WordLlama is a utility for NLP and word embedding model that recycles components from large language models (LLMs) to create efficient and compact word representations (such as GloVe, Word2Vec or FastText). WordLlama begins by extracting the token embedding codebook from a state-of-the-art LLM (e.g., LLama3 70B), and training a small context-less model in a general purpose embedding framework.

WordLlama improves on all MTEB benchmarks above word models like GloVe 300d, while being substantially smaller in size (16MB default model @ 256-dim vs >2GB).

Features of WordLlama include:

  1. Matryoshka Representations: Truncate embedding dimension as needed.
  2. Low Resource Requirements: A simple token lookup with average pooling, enables this to operate fast on CPU.
  3. Binarization: Models trained using the straight through estimator can be packed to small integer arrays for even faster hamming distance calculations.
  4. Numpy-only inference: Lightweight and simple.

For flexibility, WordLlama employs the Matryoshka representation learning training technique. The largest model (1024-dim) can be truncated to 64, 128, 256 or 512. For binary embedding models, we implement straight-through estimators during training. For dense embeddings, 256 dimensions sufficiently captures most of the performance, while for binary embeddings validation accuracy is close to saturation at 512-dimensions (64 bytes packed).

The final weights are saved after weighting, projection and truncation of the entire tokenizer vocabulary. Thus, WordLlama becomes a single embedding matrix (nn.Embedding) that is considerably smaller than the gigabyte-sized llm codebooks we start with. The original tokenizer is still used to preprocess the text into tokens, and the reduced size token embeddings are average pooled. There is very little computation required, and the resulting model sizes range from 16mb to 250mb for the 128k llama3 vocabulary.
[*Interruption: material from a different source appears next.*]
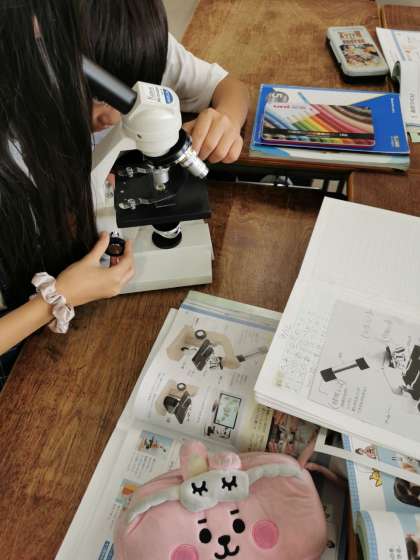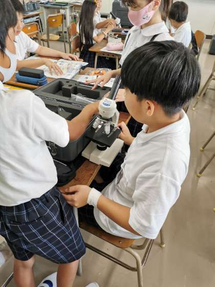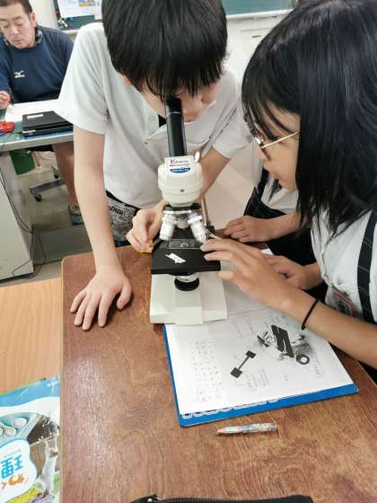 顕微鏡を使ってヘチマの花粉の観察をしています。思っていた以上にクリアに見えたようです。興奮した様子でレンズを見ています。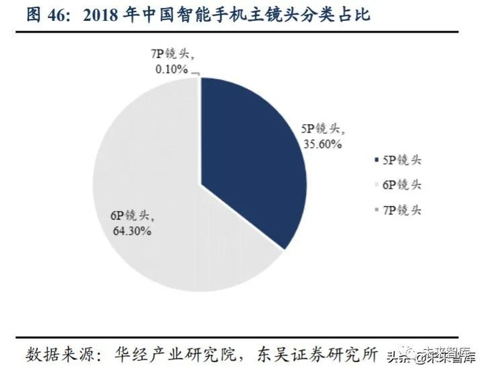 镜片数逐步拉升,6P 向 7P、8P 演进。当光线通过镜头的镜片时,镜片可以过滤杂 光,镜头片数提升,图像对比度与解析度越高,成像越清晰、真实;另外,受限于手机 摄像头模组体积,镜头移动范围与焦距较短,可利用多镜片镜头去模拟超短焦距的镜头, 为了优化成像效果,镜头将有望从目前主流的 6P 镜头向 7P、8P 镜头演进。根据华经产 业研究院数据,2018 年中国智能手机中,35.6%的智能手机主摄像头镜片为 5P 镜头, 64.3%的手机主摄为 6P 镜头,0.1%的手机主摄为 7P 镜头。2018 年推出的 OPPO R17 Pro、 2019 年推出的小米 9 透明探索版、华为 P30 Pro 等都已搭载 7P 镜头,2019 年小米发布 的 CC9 Pro 还是首款使用 8P 镜头的手机。

It's good option for some nlp-lite tasks. You can train sklearn classifiers on it, perform basic semantic matching, fuzzy deduplication, ranking and clustering. I think it should work well for creating LLM output evaluators, or other preparatory tasks involved in multi-hop or agentic workflows. You can perform your own llm surgery and train your own model on consumer GPUs in a few hours. Because of its fast and portable size, it makes a good "Swiss-Army Knife" utility for exploratory analysis and utility applications.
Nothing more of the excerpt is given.